4 Satisfaction Quadrants(充足の次元)

 なぜ知識を得ようとするのか。「必要だから」というのは正確ではない。なくても生きていけるからである。実際、必要だと感じている知識の多くをまだ知らない状態で、しかしこれまでのところ問題なく生きている。それらについて生涯知らないまま生きて一生を終えた人もいるだろう。ただし、知らないままでいるとこの先困るかもしれない、豊かにならないかもしれない、という予感は確かにある。
 結局のところ、満足した人生にしたいからだと言えると思う。知識で何かに備えるにしろ、知ることそのもので快を得るにしろ、それは日々を不満に苛まれたものにしないことを目指している。その意味で、「学んでおかなければならないこと」も「娯楽としてキャッチしたいこと」も同じ次元にあると解釈できる。そしてそれらが何によって自分の中で区別されているのかを整理すればよい。
 ということで、これらを「4 Satisfaction Quadrants(充足の次元)」として以下の四象限に整理した。

実践を伴う 知ることが目的
好みに関わる 趣味 娯楽
好みと無関係 習得 勉強

 各領域に名前をつけるのはあまり意味がなさそうだったので、便宜上典型的な単語を対応させた。以後は括弧付きの「趣味」「娯楽」「習得」「勉強」を(辞書的な意味ではなく)この象限のどれを指しているかという意味で用いる。
 なお「好みに関わる」というのは「好み次第でその内容が変化する種のもの」という意味であり、「好みと無関係」とした「習得」に入るものもただ好きでやっているというのはあり得る。
 具体的には例えば以下のようなもの。

  • 趣味:料理、絵、楽器演奏、習い事全般、ゲームなど
  • 娯楽:音楽鑑賞、映画鑑賞、芸術鑑賞、名言集め、YouTube視聴など
  • 習得:語学、トレーニング、運転など
  • 勉強:時事、政治・経済、法律、その他勉強全般、および読書

 いわゆる「推し活」などは「趣味」と「娯楽」を横断している気がする。「娯楽」としてスタートして「趣味」ができたというパターンは多々あるだろう。

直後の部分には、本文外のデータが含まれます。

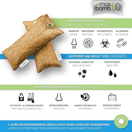 Bambu hava temizleyici Aktif Kömür | doğal Raumerfrischer ve nem alıcı | Geruchsneutralisierer & hava temizleyici Torba Auto, mutfak, banyo, yatak odası, elbise dolabı, buzdolabı için | karşı koku koku maddeleri veya kimyasal içermez | organik koku & koku önleyici oda kokusu, granül-veya alternatif Ozon-temizleyici karşı küf-mahmuz, mantar, bakteri ve formaldehit, kumaş, Sandy Brown, freShoes 2x75g
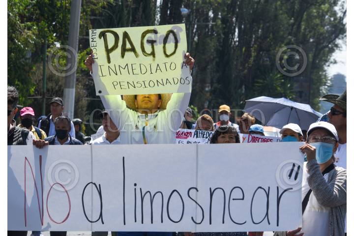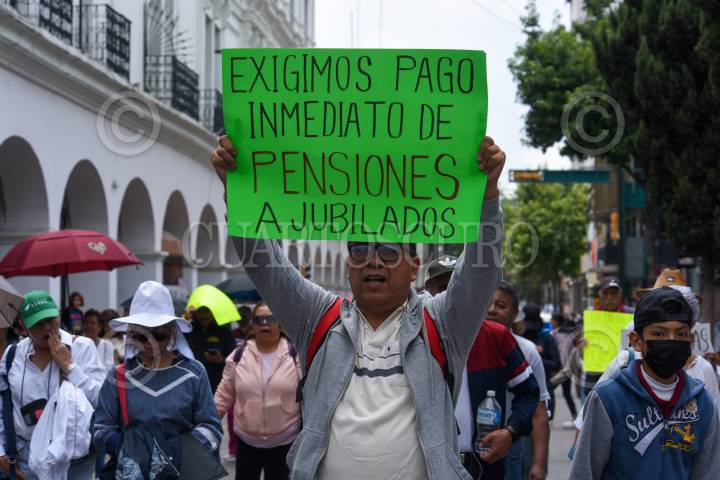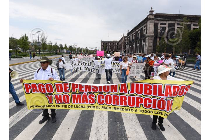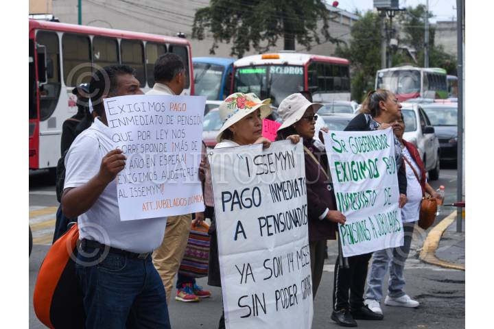 Jubilados, pensionados y pensionistas del ISSEMYM salieron a las calles de la ciudad de Toluca para exigir el pago de sus pensiones y piden un alto a la corrupción.
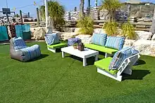- (Par métonymie)(Mobilier) Ensemble de meubles, chaises, fauteuils, table, tapis, destinés à être utilisés en plein air, et non pas exclusivement dans un jardin. Il est généralement fabriqué en matériaux qui ne craignent pas l’humidité : métal, kapok, tissus imputrescible, rotin, certains bois, plastique, etc.
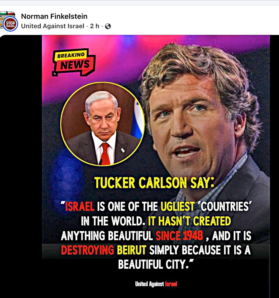 Ce ne sera possible que s’il se plie aux conditions proposées ici, ce qui signifie la disparition définitive de l’excrément colonial sioniste, demandée entre autres par une forte proportion peur-être déjà majoritaire de juifs du monde entier (ceux d’ « Israel » non compris). La contestation pour le larbin est peut-être encore plus contraignante dans ses propres rangs comme ce représentant du courant MAGA authentique, Tucker Carlson qui ne mâche pas ses mots.

好きなことのうち、自分自身が何かをやることにしたものがここで言う「趣味」のエリアであり(趣味という言葉の意味がそうという意味ではない)、その場合ただ好きでいた時にはなかった「自分が何かをやるにあたって必要な情報」の管理が発生することになる。
 読書は「勉強」の領域に入れたが、読書と言っても色々ある。というか、この四象限全てをカバーするのが本というものだと思う。なのだが、「趣味」「娯楽」「習得」に関する本を読む時は、「読書をしている」というふうには認識しない。他の人はどうかわからないが、私はそう。なので、「読書をしている」と感じる読み方をしている時の読書は「勉強」の中に入る。いわゆる読書ノートもそういう読書の時に作っている。そうでなければそれぞれの領域のノートの中に本から得た知識も書き込むということになるので、「読書ノートに書く」というふうにならない。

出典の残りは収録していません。